Error in generateLabelsHelper(model, data.frame()) :
object 'twinACEFit.MZ' not found

However when I change model to
model=twinACEFit (all other lines the same)
the error message is regarding the expression:

Error in eval(expr, envir, enclos) : object 'expMeanMZ' not found

Maybe you know what went wrong in here? In general I have some difficulties understanding how to name and call for variables if they are not assigned as in here (estMean <- mxEval(mean, twinACEFit)) and just given names inside the model. Could you please help me with that, because all the variables I am trying to access from inside the model are "not found".

I couldn't attach the data file here, but please find the output (Model_output.png) and the model summary (Model_summary.png) screenshots attached. Do they look reasonable to you?

Thanks a lot for your time!

AdminRobK's picture
Offline
Joined: 01/24/2014 - 12:15
R symbols versus "Mxnames"

Oops, I meant twinACEFit$MZ, not twinACEFit.MZ.

In general I have some difficulties understanding how to name and call for variables if they are not assigned as in here (estMean <- mxEval(mean, twinACEFit)) and just given names inside the model. Could you please help me with that, because all the variables I am trying to access from inside the model are "not found".

I guess the most important thing to understand is that an MxModel's namespace is not the same thing as R's global environment. R's global environment is its "outermost frame;" it stores all the R objects you create via assignment. An MxModel's namespace comprises what I will call the "Mxnames" of its constituent parts. This namespace is not understood by R, and is only understood by OpenMx. For instance, on line 40 of your script, you create your MxModel. It is an R object, of S4 class 'MxModel', with R symbol 'twinACE'. It happens that you also gave it the Mxname 'twinACE', which matches its R symbol.

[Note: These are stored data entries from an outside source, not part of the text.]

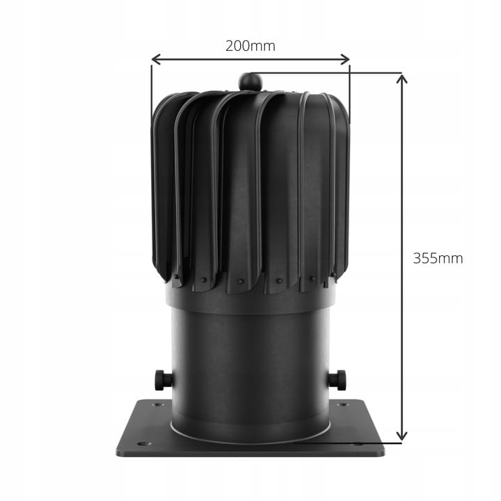 - Turbiny z tworzywa PP na łożysku kulkowym INOX zalanym najwyższej jakości olejem, zakończonej otworem fi 150 do zakończenia kanałów wentylacyjnych
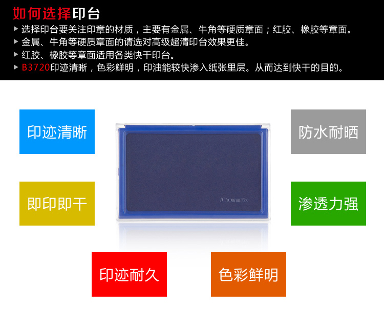 齐心大长方形快干印台B3720/红色
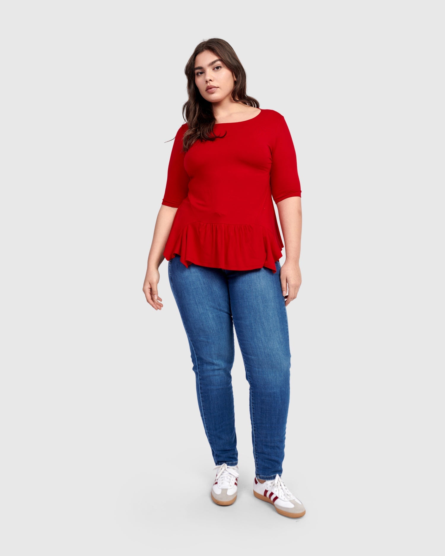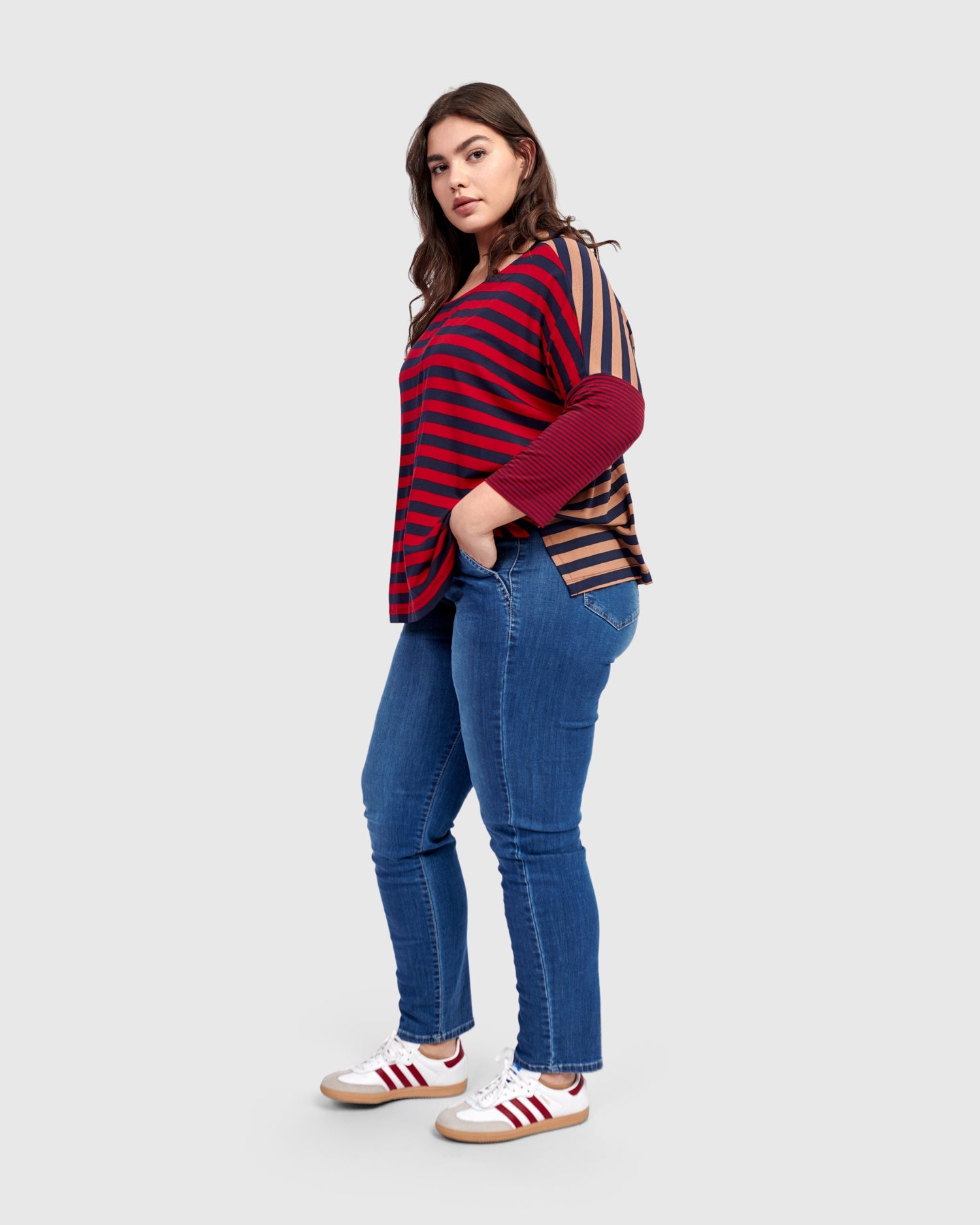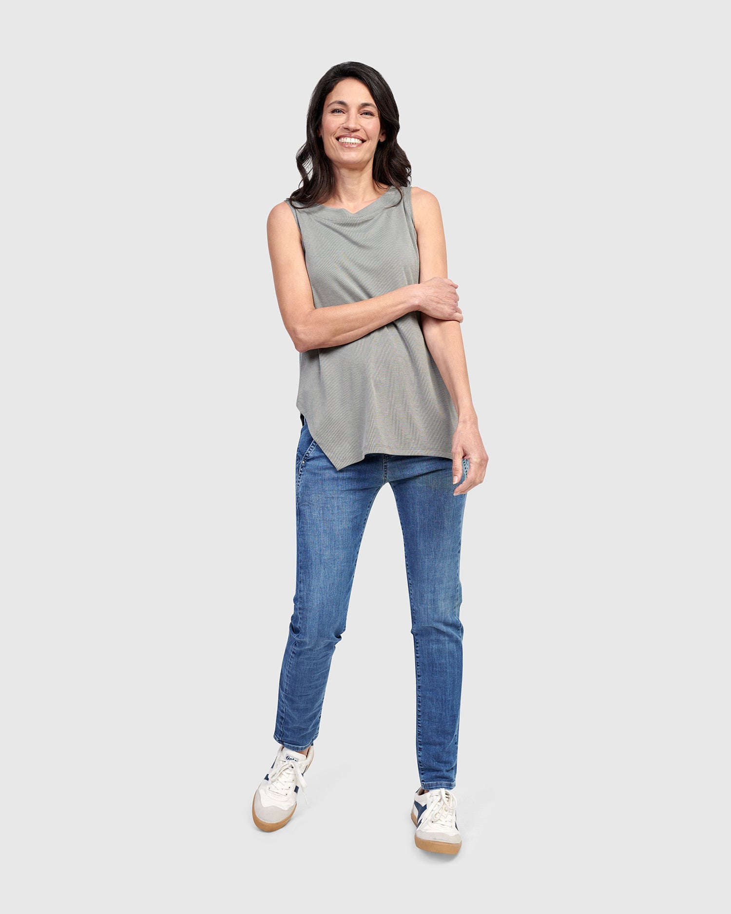 Our must-have cult favorite in medium wash, soft, stretch cotton denim for an amazing fit. Our Missy and Plus size jeans offer a universally flattering mid-rise waist and a more relaxed taper than skinny jeans. Adjustable drawstring stretch waist, mock fly, angled side pockets, yoked back with patch pockets, and rivet trim.

In Mxnames, the dot means "member of", a la C/C++. For instance, you use it in line 77 of your script to refer to the MxAlgebra with Mxname 'expCovDZ', which is a member of the MxModel with Mxname 'twinACE'. R does not interpret it that way; a period is just another character in an R symbol. In R, the $ is used to access elements of lists and columns of dataframes. With S4 classes, the behavior of $ can be defined as part of the class, and MxModels are defined so that $ allows the user to access objects within an MxModel by Mxname.

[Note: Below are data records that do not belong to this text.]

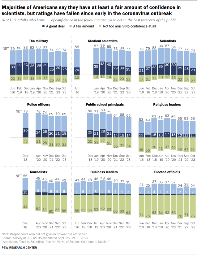 Roughly three-quarters of Americans say they have a great deal or a fair amount of confidence in medical scientists (77%), the military (74%) and scientists (73%) to act in the public’s best interests. These three groups receive the highest ratings of the nine included in the survey. About a quarter say they have a great deal of confidence in each to act in the public’s best interests.
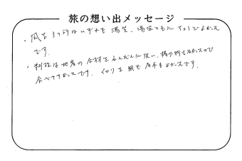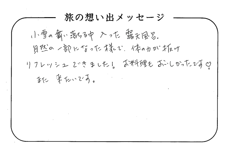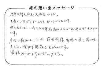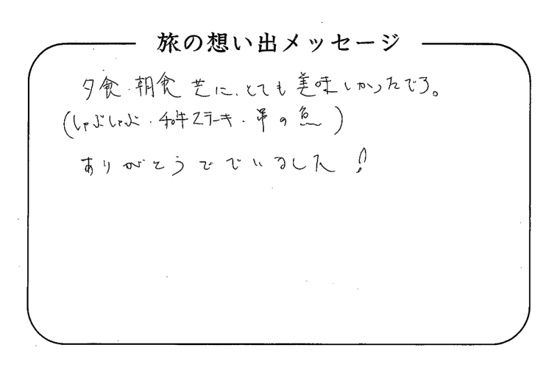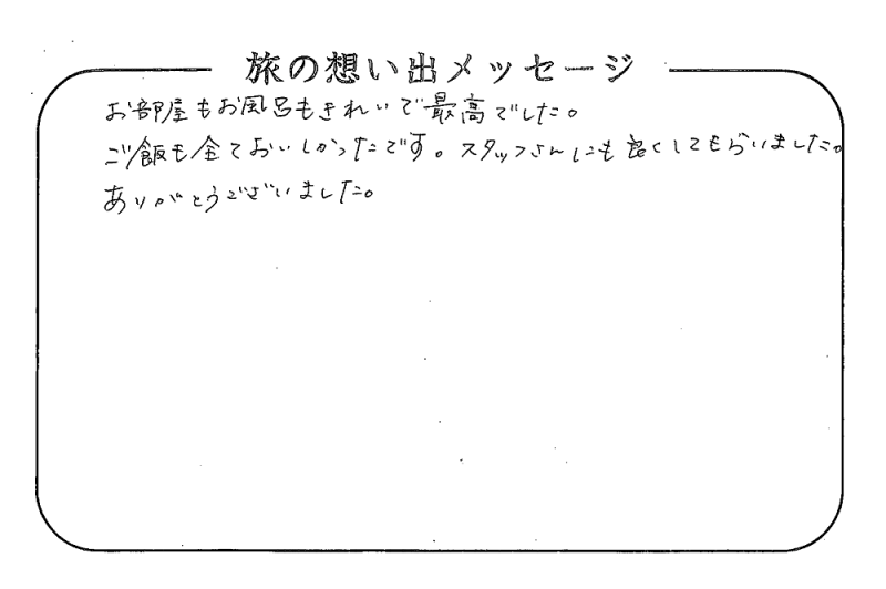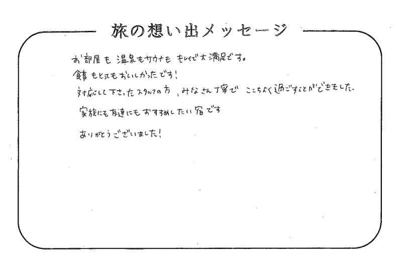 平の高房にご宿泊いただいたお客さまからの声をご紹介。 みなさまから届いた暖かいお言葉やご意見・ご感想を真摯に受け止め、より良いおもてなしの心を育ててまいります。
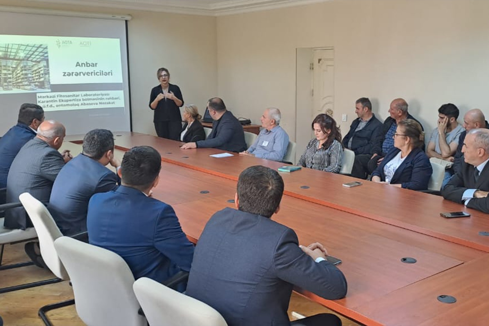 Şəkidə və ətraf rayonlarda fəaliyyət göstərən sahibkarların qatıldığı təlim “Anbar zərərvericiləri və onlara qarşı mübarizə tədbirləri” mövzusunda keçirilib. Təlimdə İnstitutun mütəxəssisi Nəzakət Abbasova iştirakçılara anbarlarda müşahidə olunan və saxlanılan məhsula ən çox ziyan vura bilən zərərvericilər, eləcə də onların məhv edilməsi üsulları barədə ətraflı məlumat verib. Eyni zamanda bildirilib ki, anbarlarda zərəvericilərə qarşı vaxtında müvafiq mübarizə tədbirlərinin aparılmaması kifayət qədər məhsul itkisinə və məhsulun keyfiyyətinin aşağı düşməsinə səbəb ola bilər. Buna görə də anbarlarda zərərli orqanizmlərə qarşı mübarizə tədbirlərinin vaxtında və düzgün aparılması mühüm əhəmiyyət kəsb edir.
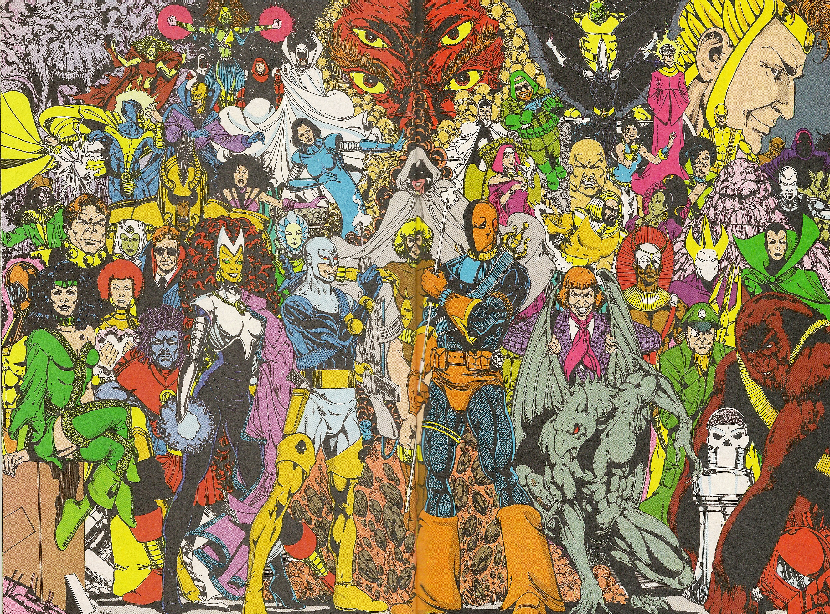The other two pinups represent the best and worst of this title and comics at the time. Near the end of the book is a two-page spread of Titans villains drawn by Phil Jimenez, who was still on Team Titans at the time. It was and still is absolutely gorgeous and shows just about every single Titans adversary going back to the team’s 1960s beginnings in The Brave and the Bold. It has that old-school, George Perez feel to it and makes you wish that the editors could have gotten Perez to contribute at least something to the issue, although it’s my understanding that at the time Perez wasn’t doing much mainstream work and didn’t have the best relationship with DC after the failure of War of the Gods. But Jimenez has always been a good artist and I love this acknowledgement of the team’s rich history.
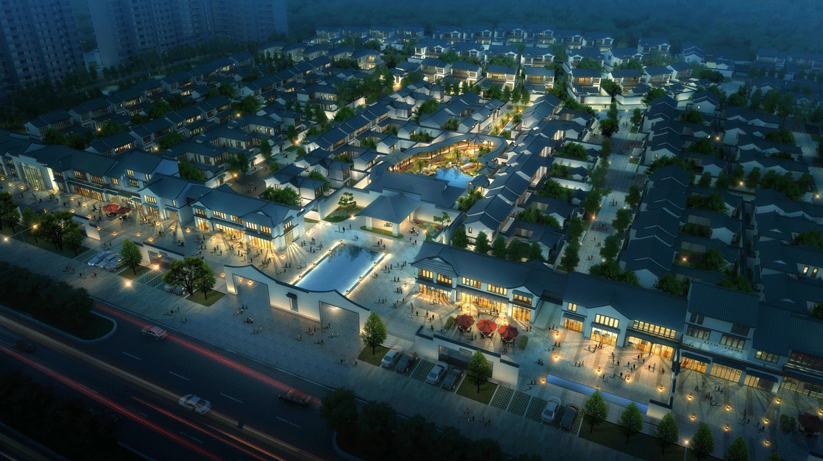 中式商业空间:借鉴传统中式商业形态,通过差异化的建筑形体,营造余味独特的商业空间。
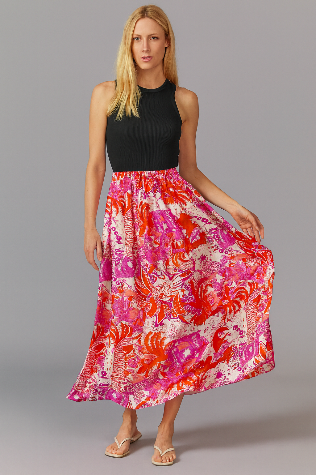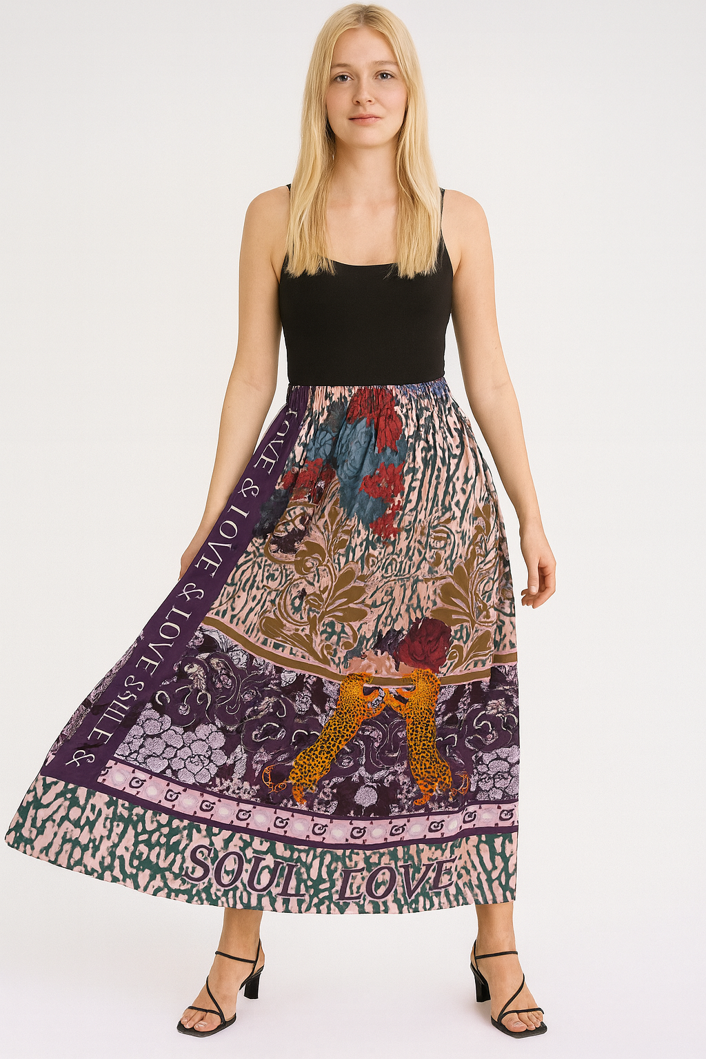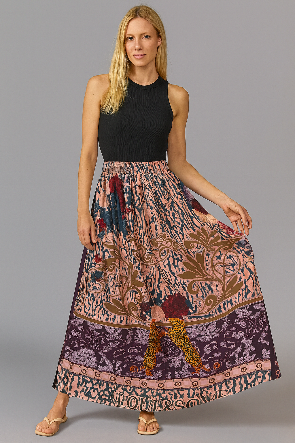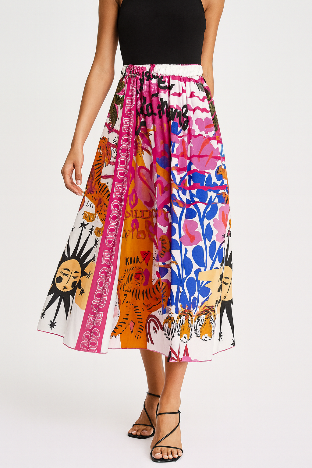 RICH & ROYAL FLORAL HIGH-WAISTED MIDI SKIRT

The reason why you need to use twinACEFit$MZ instead of twinACEFit.MZ in the mxEval() statement is that mxEval() needs an MxModel object as the value for argument model. Using twinACEFit$MZ provides it with the MxModel with Mxname 'MZ' contained within the MxModel with R symbol 'twinACEFit'. Using twinACEFit.MZ doesn't work, because there is no object with symbol 'twinACEFit.MZ' in R's global environment.

The reason why you get an error when using model=twinACEFit is that there is no object with Mxname 'expMeanMZ' contained in the matrices, algebras, etc. of twinACEFit. Instead, the algebra with Mxname 'expMeanMZ' is in a submodel, with Mxname 'MZ', which in turn is contained in twinACEFit.

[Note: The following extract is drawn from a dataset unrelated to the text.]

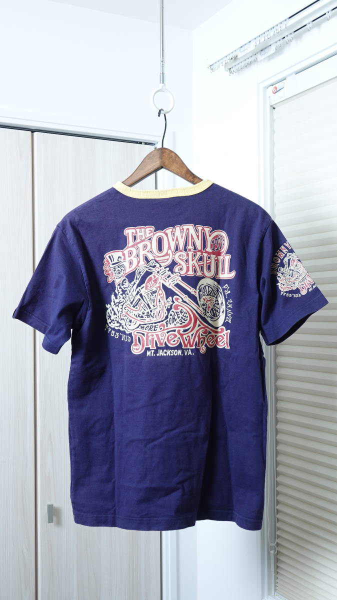 > ★日本製MWS THE BROWNY SKULL プリント半袖Tシャツ 古着ユーズド男性メンズLブルー紺ネイビー40506070Sミッドセンチュリートップス
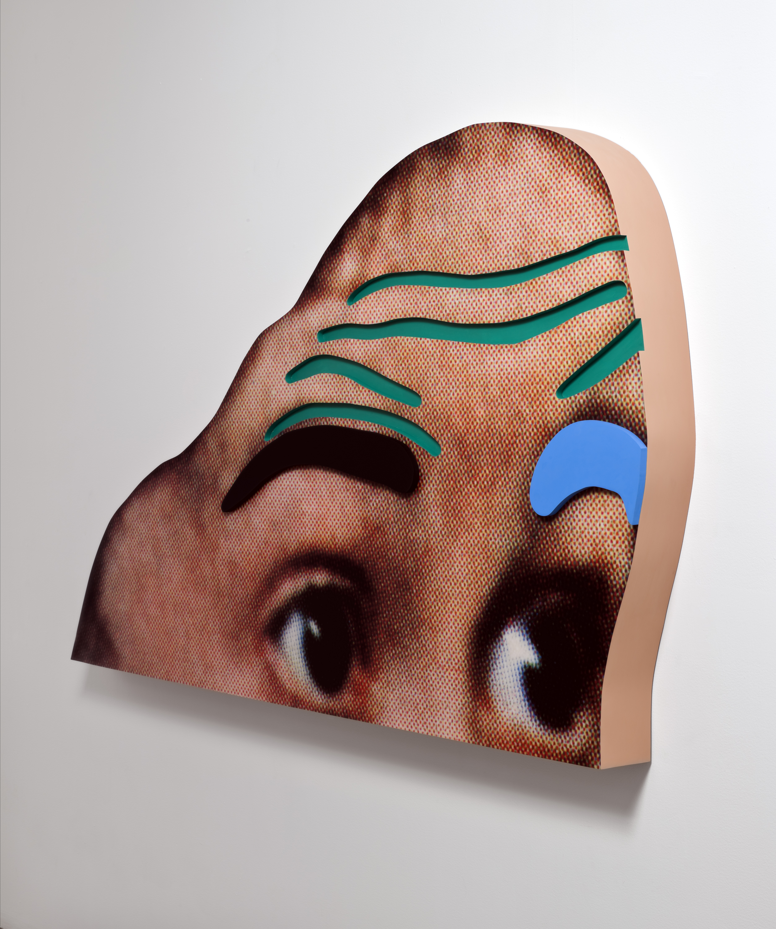 Raised Eyebrows/ Furrowed Foreheads: (Black and Blue Eyebrows), 2008. Three dimensional archival print, laminated with lexan and mounted on shaped form with acrylic paint, 57 3/4 x 102 x 6 3/4 inches. © John Baldessari, courtesy Marian Goodman Gallery, New York.

That's the best explanation I can give. Unfortunately, it's not intuitive unless you know OpenMx really well, and even then you can still get confused (like I did).

Aurina's picture
Offline
Joined: 01/05/2016 - 01:12
A very good explanation -

A very good explanation - thanks so much! Very helpful!
However I've tried to run the script with twinACEFit$MZ and got an error that object twinACE.beta was not found. Then I thought that maybe it is looking for twinACE.beta matrix in a MZ submodel only (I am not sure if that's the case) and tried another way (the whole script attached: Test_Height_residuals.R):

mzresids  <- matrix(NA,nrow=nrow(mzData),ncol=2)
for(i in 1:nrow(mzData)){
  mzresids[i,] <- as.matrix(mzData[i,c("twin1","twin2")]) - as.matrix(mxEval(expression=twinACE.expMean + twinACE.beta %*% MZ.MZDefVars, model = twinACEFit, compute=T,defvar.row=i))
}

Now the model is twinACEFit and all names are called from its perspective. Here I've also changed as.vector to as.matrix, because there was an error

Error in mzresids[i, ] <- as.vector(mzData[i, c("twin1", "twin2")]) -  : 
  incorrect number of subscripts on matrix

and it looks that it solved the problem. The result attached in Twin_Height_residuals.png
Is it a correct way to do it?
I'am still not sure, why it didn't work before with expression being expMeanDZ and model twinACEFit$MZ as you recommended... Do you have any ideas on that?

Then I've run the same script on weight data (attached Twin_Weight_residuals.png) and now I have a basic question (this is the first time I am in contact with the concept of residuals, so this might be a really simple one) about the interpretation. Residuals in the case of height are much smaller (up to 5) than in the case of weight (up to 100): would it mean that the relationship between twins in the case of height is well defined by age and sex and it is poorly defined by these covariates in the case of weight?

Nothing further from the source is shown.